Желание света и протест против тьмы, стремление раз и навсегда покончить с иррациональной глубиной, где кроются все неразумные порывы – это смелые и похвальные стремления. Вот если бы привести их в исполнение было так же просто, как решиться на них. Если бы можно было изгнать из природы всё иррациональное и не поддающееся разумному контролю, как об этом грезили первые естествоиспытатели, то библейское проклятие природы за первородный грех оказалось бы отмененным усилиями самого человека. И вместо добывания средств пропитания «в поте лица своего», человек наконец-то смог бы заняться более важными делами. Что же в этом плохого?

Но несмотря на благонамеренность этого желания, оно оказывается неосуществимо. Так устроен мир. Это его тайна. И понимание этого намного важнее понимания всех известных физических законов. Аналогично и в отношении человеческой души. Все были бы счастливы, если бы однажды стало возможно вывести всё иррациональное из глубины, где оно скрыто, и просветить его светом разума. Но кто сказал, что во власти человека распоряжаться всеми теми безднами и высотами человеческой души, о подлинной высоте и глубине которых он, может быть, даже не имеет понятия.

Герой Булгакова профессор Преображенский, допуская Полиграфа Полиграфовича с собой за один стол, наверняка верил, что такое видимое равенство между ними может стать началом внутреннего сходства. Но оказалось наоборот. Выставляя на вид все несовершенства натуры Шарикова, он только усугубил контраст, бывший между ними. В итоге из всех нравоучений профессора Преображенского Шариков вынес только то заключение, что ему здесь не место. «А я вас и не просил…» – добавил он вместо благодарности. И нельзя отрицать, что в этом его ответе есть своя правды.

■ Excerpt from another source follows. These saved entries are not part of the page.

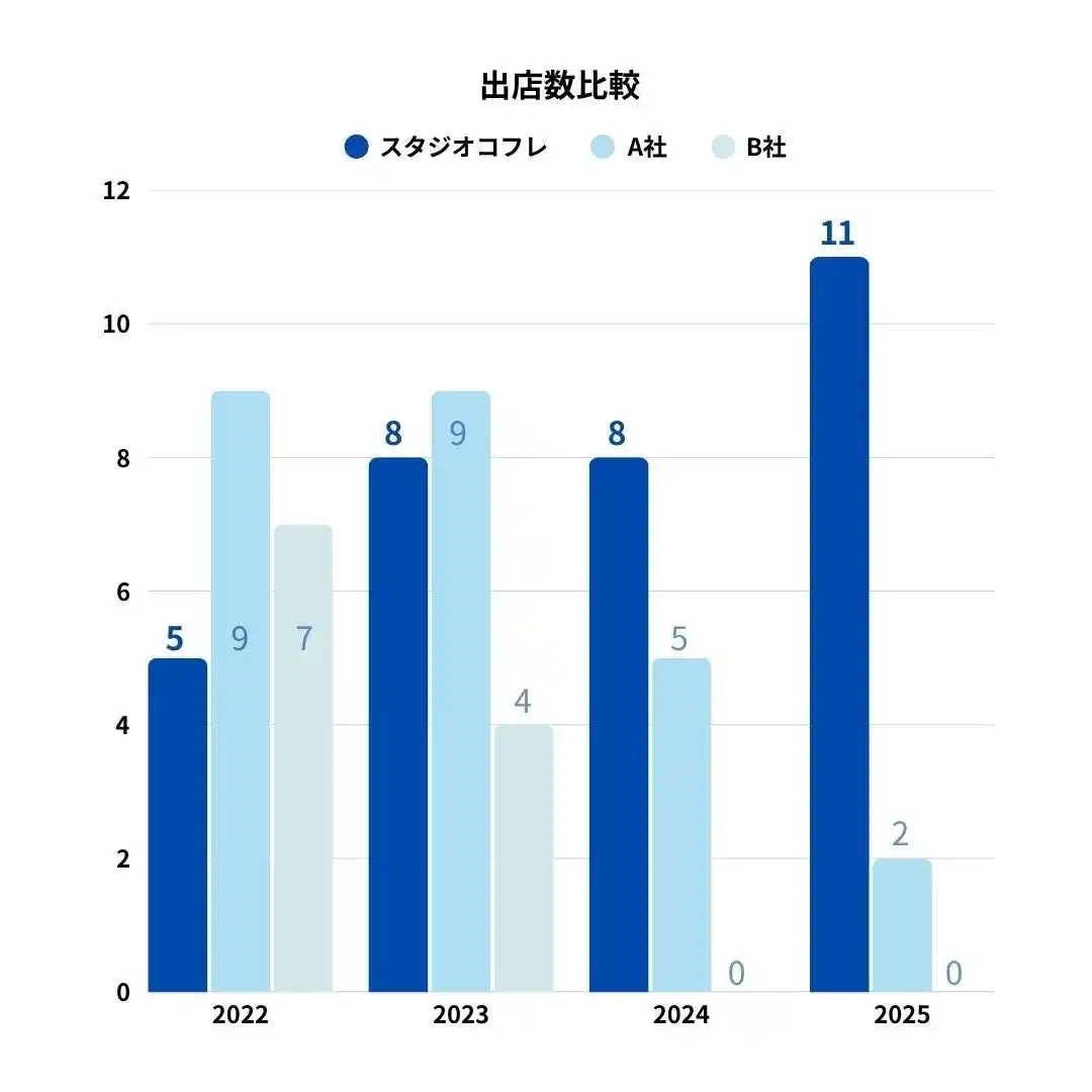 | 撮影・着付け・ヘアメイクなど高い専門性が求められるフォトスタジオ運営は、これまで参入障壁が高い業界でした。スタジオコフレは、これまで培ってきたノウハウをもとにフランチャイズ展開を推進。出店準備から運営、人材育成までを一貫してサポートすることで、未経験からでも高品質なスタジオ運営を可能にしています。品質と収益性を両立できる仕組みが整っているからこそ、全国での出店が加速し、店舗数拡大へとつながっています。 | |||||||||
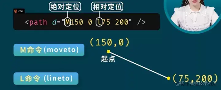 L 命令,是 lineto 的缩写,用来绘制一条直线。例如 l 75 200 (读小l,空格,75,空格,200) ,也可以写成 l75 200 (读作小l,75,空格,200),表示从上一个结束点到 x 75,y 200 (直接读) 这个点绘制一条直线。
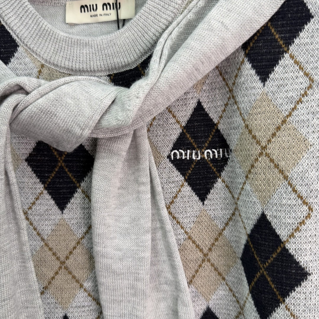 这款衣服是AAAAA 1:1 质量 (非常棒). 使用了和原版一模一样的材料. 商标部分也保持了和缪缪/Miu Miu一样. 图片拍摄是实物衣服拍摄, 您所收到的实物保证和我们图片一模一样.
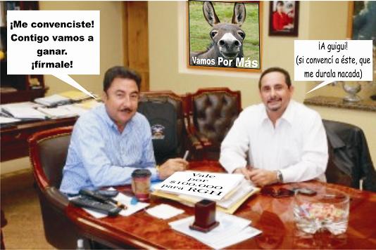 La mano (o la nariz) del gobernador del estado Narciso Agúndez Montaño está metida hasta el tope con los alegatos de Alonso Germán Castro, luego de que, por estatutos, el PAN le revocó su derecho de contender por la gubernatura del estado al registrar su alianza con el MRPS. El cañonazo de billetes ronda el millón de pesos… dicen los priistas que Estela (con H) Ponce va a la cabeza de las preferencias electorales con 8 puntos sobre K-11 y abajo le sigue el pipi Ibarra y al fondo con 2 puntos, el poderoso Ricardo Gerardo Higuera… Manuel López, regidor del PT sumó su talento a la campaña de RGH. Por lo pronto éste último ya lo convenció para que le mandara hacer 500 calcomanías con cargo a su bolsillo; Cayó facilito… que ya le llenaron el buche de piedritas a las autoridades federales y que en breve, se tendrán noticias de las acciones judiciales que empezarán a ejecutarse entre diciembre y enero próximos, lo que ha generado desórdenes estomacales entre algunos funcionarios y candidatos.
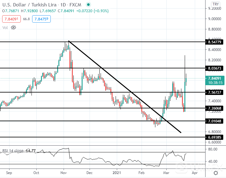 对于土耳其里拉来说,这是一个疯狂的星期,昨天它下跌了15%,之后才将买盘兴趣降至低点,并兑美元汇率逆转了6%。此举背后的驱动力是周末突然意外更换了CBRT州长纳西·阿格巴尔(Naci Agbal)。自去年11月以来,阿格巴尔(Agbal)就一直领导该银行,并因帮助里拉(Lira)摆脱美元兑美元的历史低点而受到许多人的称赞。此外,纳西一直在帮助对抗通货膨胀,尽管通货膨胀率已从近25%的高位回落,但近几个月来有所回升,如今已回升至15%左右。
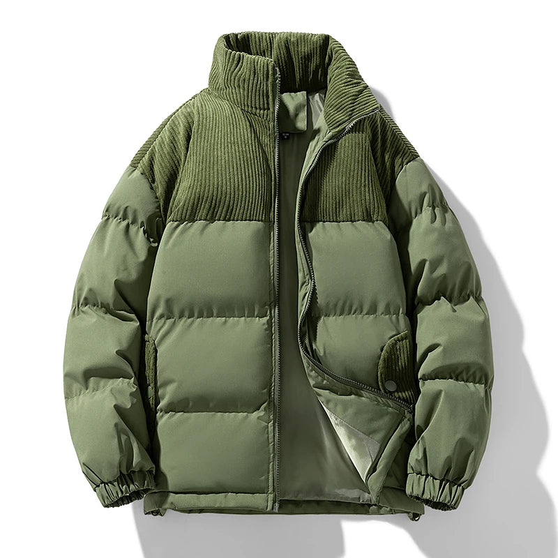 This Quilted Puffer Jacket merges rugged style with winter comfort. Featuring a textured corduroy yoke and collar, it offers warmth and wind resistance. With deep buttoned pockets and eco-friendly insulation, it's built for cold-weather versatility.
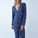 L'allure longiligne de cette Robe Fleurie Tendance Hiver 2021 est unique et c'est ce qui fait tout son charme. Son style vintage est bien marqué et apporte le caractère de la robe, en effet, sur toute sa longueur, ce modèle dispose d'une fronce qui l'habille joliment et dessine la silhouette en la moulant.
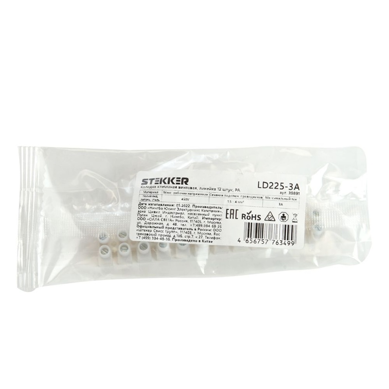 Характеристики Колодка клеммная винтовая STEKKER, линейка 12 штук, полиамид, LD225-3A DIY
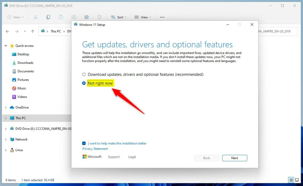 Nella finestra successiva, scegli Non adesso in modo da non scarica aggiornamenti, driver e funzionalità opzionali.
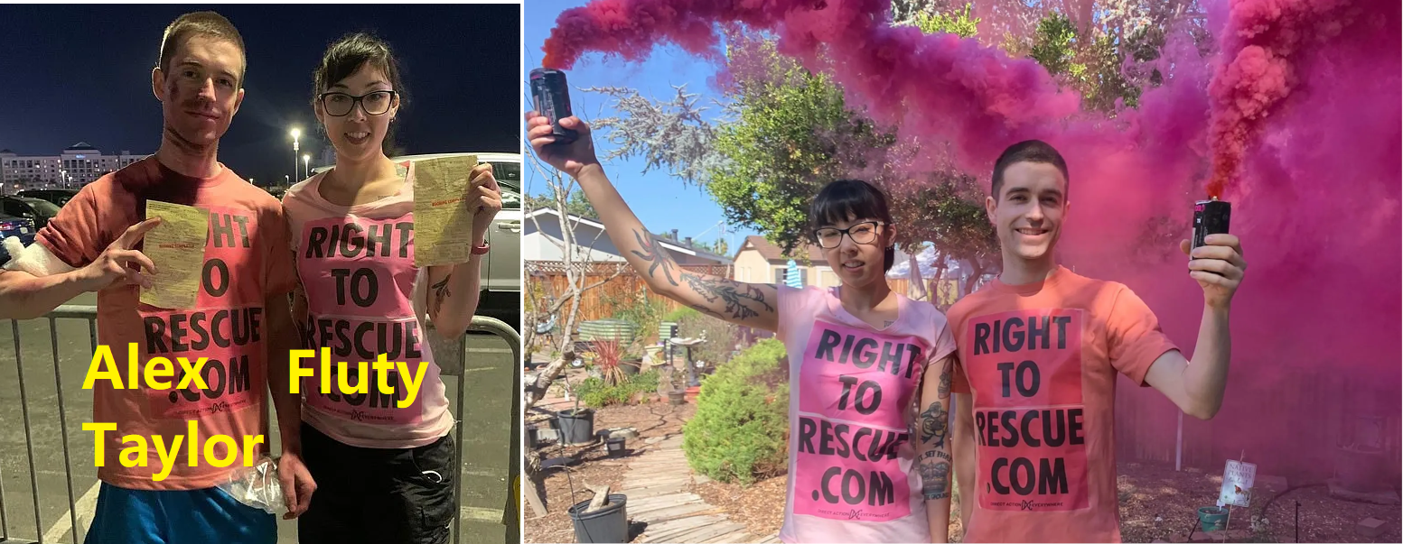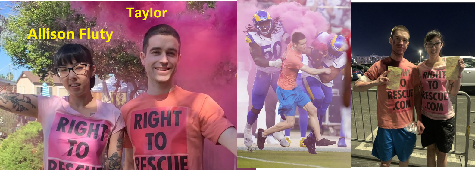 Allison Kikimo Fluty (DOB: 07/18/89) and a comrade ran on to the field during a 49s / Rams game in October 2022 and was arrested. Unlike her friend, Alex Taylor, she wasn't tackled by Rams players. Both are members of the radical animal rights group Direct Action Everywhere (DxE). The stunt was intended to call attention to two DxE members who were arrested in Utah for kidnapping piglets. This was the second field invasion staged by DxE in 2022. Fluty is a licensed marriage and family counselor. https://archive.ph/wZcDq
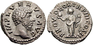 LUCIUS VERUS. 161-169 AD. AR Denarius (3.59 gm). Struck 162-163 AD. IMP L VERVS AVG, bare head right / PROV DEOR TR P III COS II, Providentia standing left, holding globe and cornucopaie. RIC III 491; BMCRE 229; Szaivert 56-14/10; RSC 156. (Image courtesy CNG) | |
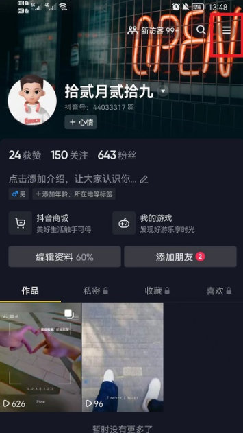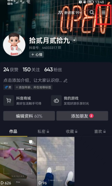 1、在抖音的【我】也就是个人的主页界面之中,用户需要点击其中的【三】在屏幕的右上角的位置;

Русской культуре категория правды ближе, чем категория истины. Русский язык – единственный язык, в котором наряду со стандартным понятием истины, обозначающим совершенный и чаще всего недостижимый идеал, есть еще непереводимое на другие языки понятие правды. Если истина указывает на то, что должно быть в идеале, то правда говорит о том, что есть, о реальных условиях, о той правде жизни, которая очень часто оказывается горькой правдой. И в стремлении к истине важно не перешагнуть через эту правду, а увидеть её и постараться понять. Вот почему русской душе всегда было так свойственно милосердие.